Material provided section start

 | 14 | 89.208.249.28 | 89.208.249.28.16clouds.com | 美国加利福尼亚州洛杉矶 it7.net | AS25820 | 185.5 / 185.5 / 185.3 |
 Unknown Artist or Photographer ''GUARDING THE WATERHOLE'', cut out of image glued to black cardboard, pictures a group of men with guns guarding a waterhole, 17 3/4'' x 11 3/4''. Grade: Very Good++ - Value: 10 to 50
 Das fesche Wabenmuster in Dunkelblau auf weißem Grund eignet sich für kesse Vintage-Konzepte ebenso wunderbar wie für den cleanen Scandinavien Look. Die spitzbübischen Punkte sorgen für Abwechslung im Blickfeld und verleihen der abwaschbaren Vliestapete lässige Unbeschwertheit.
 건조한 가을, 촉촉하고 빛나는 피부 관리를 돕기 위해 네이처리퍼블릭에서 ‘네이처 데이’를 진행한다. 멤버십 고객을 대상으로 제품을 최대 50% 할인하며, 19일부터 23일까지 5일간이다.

Material provided section end
Material provided section start

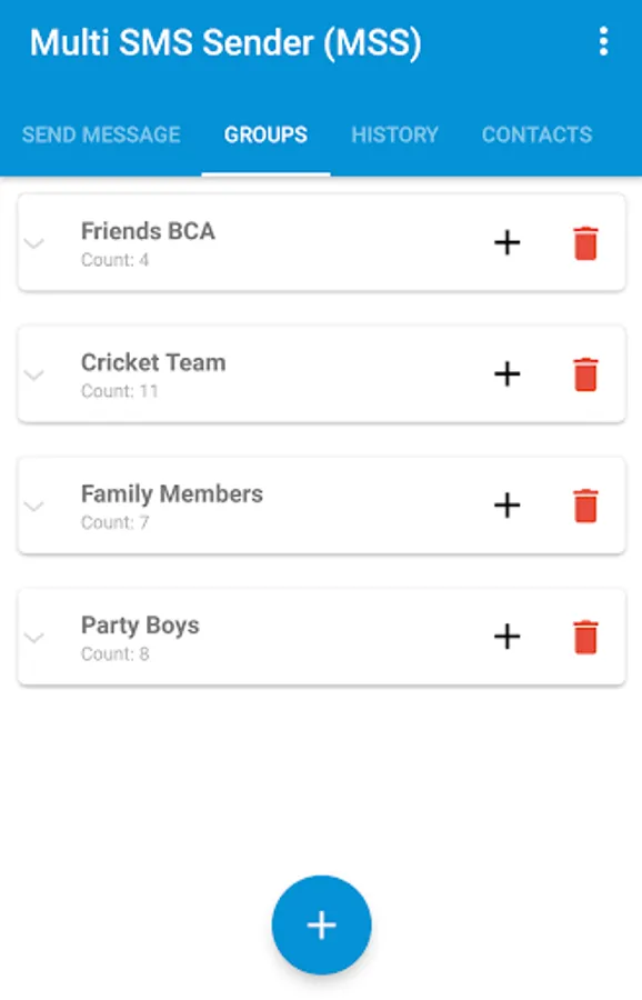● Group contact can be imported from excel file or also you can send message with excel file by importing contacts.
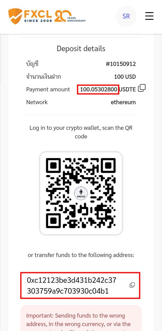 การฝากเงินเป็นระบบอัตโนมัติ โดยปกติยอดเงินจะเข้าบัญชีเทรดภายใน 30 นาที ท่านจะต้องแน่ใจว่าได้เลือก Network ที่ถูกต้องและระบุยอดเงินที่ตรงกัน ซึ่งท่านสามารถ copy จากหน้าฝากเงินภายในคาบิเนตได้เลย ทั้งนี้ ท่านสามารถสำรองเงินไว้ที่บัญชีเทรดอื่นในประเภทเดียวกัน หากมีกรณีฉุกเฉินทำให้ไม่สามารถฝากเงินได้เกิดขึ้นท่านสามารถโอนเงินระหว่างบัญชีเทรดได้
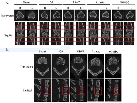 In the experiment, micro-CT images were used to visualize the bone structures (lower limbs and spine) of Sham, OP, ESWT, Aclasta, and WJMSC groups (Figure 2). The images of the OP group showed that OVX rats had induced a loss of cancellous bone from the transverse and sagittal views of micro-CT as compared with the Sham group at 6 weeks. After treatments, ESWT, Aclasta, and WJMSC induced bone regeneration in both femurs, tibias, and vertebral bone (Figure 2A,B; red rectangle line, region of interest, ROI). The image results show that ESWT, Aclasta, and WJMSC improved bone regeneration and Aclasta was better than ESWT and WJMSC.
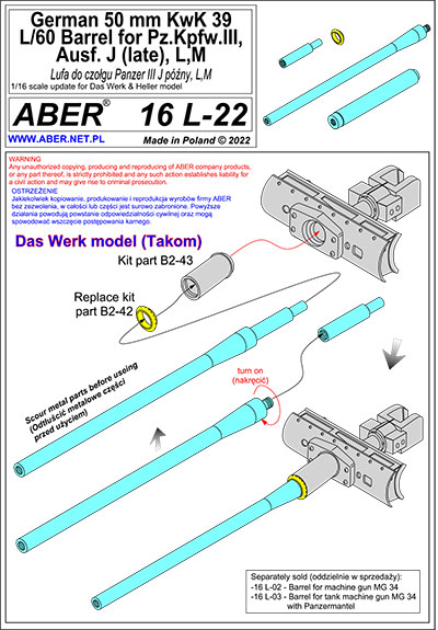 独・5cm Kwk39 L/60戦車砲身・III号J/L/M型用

Material provided section end
Material provided section start

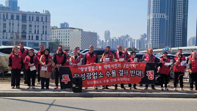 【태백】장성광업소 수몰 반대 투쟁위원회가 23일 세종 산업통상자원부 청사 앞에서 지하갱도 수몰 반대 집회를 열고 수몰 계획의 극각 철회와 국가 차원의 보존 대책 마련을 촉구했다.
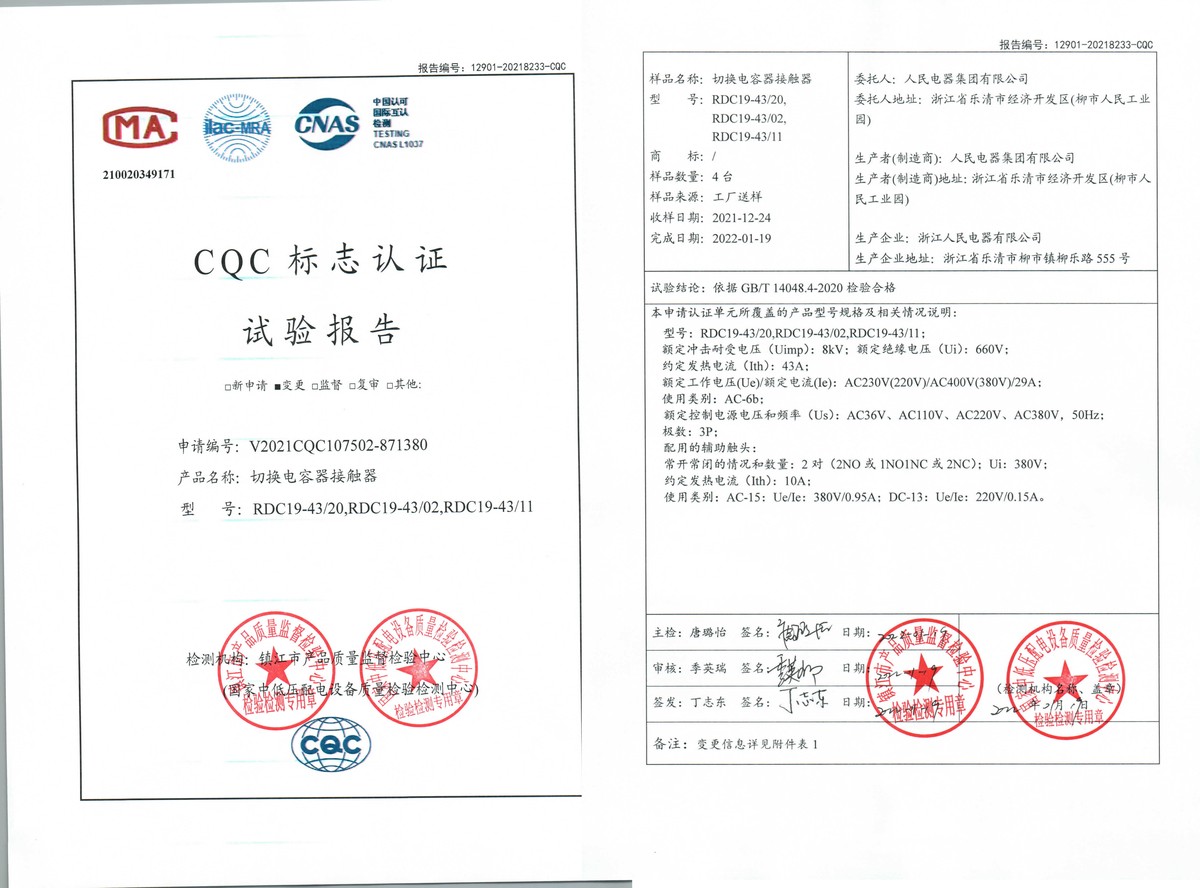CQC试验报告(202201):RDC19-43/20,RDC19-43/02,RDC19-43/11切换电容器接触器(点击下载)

Material provided section end

From the material above, set down exactly the lines between the line holding "185.5 / 185.3 |" and the line holding "Unknown Artist or", inclusive. Include nothing else.

 | 14 | 89.208.249.28 | 89.208.249.28.16clouds.com | 美国加利福尼亚州洛杉矶 it7.net | AS25820 | 185.5 / 185.5 / 185.3 |
 Unknown Artist or Photographer ''GUARDING THE WATERHOLE'', cut out of image glued to black cardboard, pictures a group of men with guns guarding a waterhole, 17 3/4'' x 11 3/4''. Grade: Very Good++ - Value: 10 to 50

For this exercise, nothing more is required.